Cameron stands by Lansley
"Kill the bill. Sack the health secretary."
That is the cry coming from a very curious coalition.
Out front are opponents of the government's NHS plans - led by the Labour Party but followed by a growing number of groups representing doctors, nurses and midwives. Behind them, muttering rather than shouting, are some supporters of the very same reforms.
They argue that ministers could have brought about most of the changes they want without new legislation.
They fear that necessary reforms will now be blamed for anything that goes wrong in the health service, even when shortage of money may be the real problem.
They believe that Andrew Lansley's presentation of the changes has been little short of calamitous.
That deep frustration is what was probably behind the colourful remark quoted in The Times this week. An anonymous but exasperated prime ministerial aide was reported to have said: "Andrew Lansley should be taken out and shot".
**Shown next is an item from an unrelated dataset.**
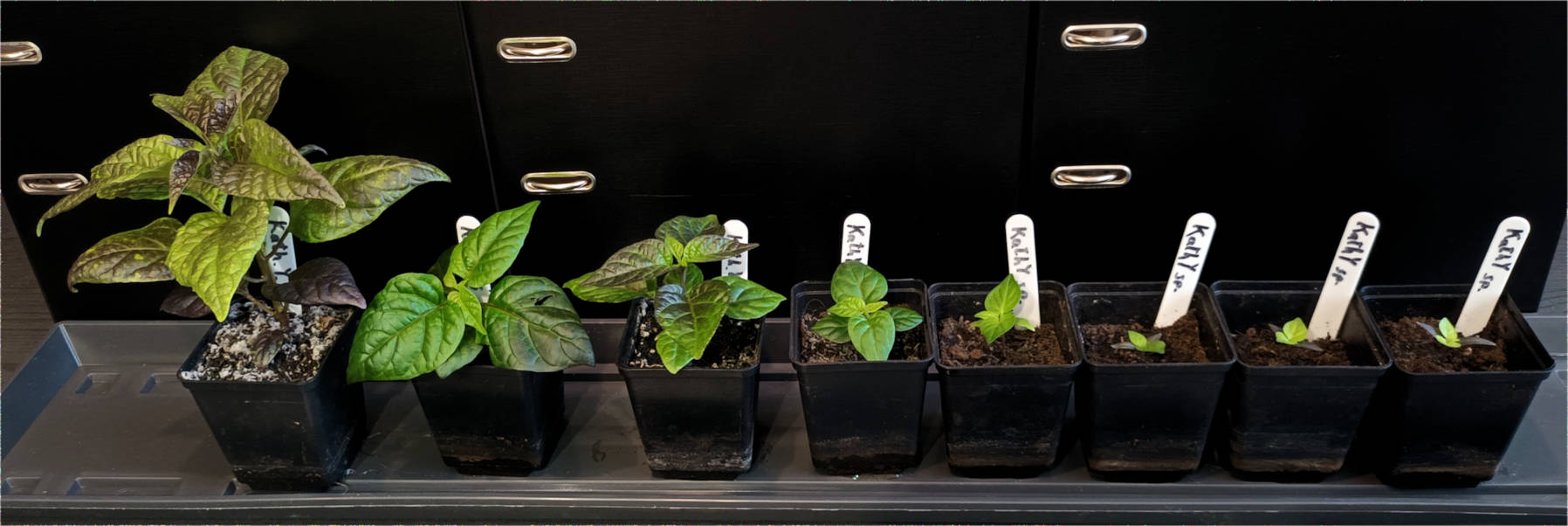 Die Kathumbys liegen mir dieses Jahr besonders am Herzen und nun sind sie nicht mehr zu sehen, weil sie wegen ihrer kleinen Größe im Chiliregal stehen. Das folgende Foto mit allen Kathumbys aus dieser Saison wurde bewusst etwas zu dunkel gehalten, um wenigstens ein wenig die dunkle Schattierung der Blätter erkennen zu können, die in Wirklichkeit deutlicher zu sehen ist.

Yet David Cameron has twice recently passed up the chance to fire his health secretary when first Liam Fox's and then Chris Huhne's resignations forced cabinet changes on him.
And today he backed both the man and his bill.
In part because some one-time critics - like Shirley Williams - have now been won over.
In part, perhaps, because he will not want to throw a lifeline to Ed Miliband by making a humiliating U-turn.
And in part because some changes have begun and some argue that the law now needs to catch up with them.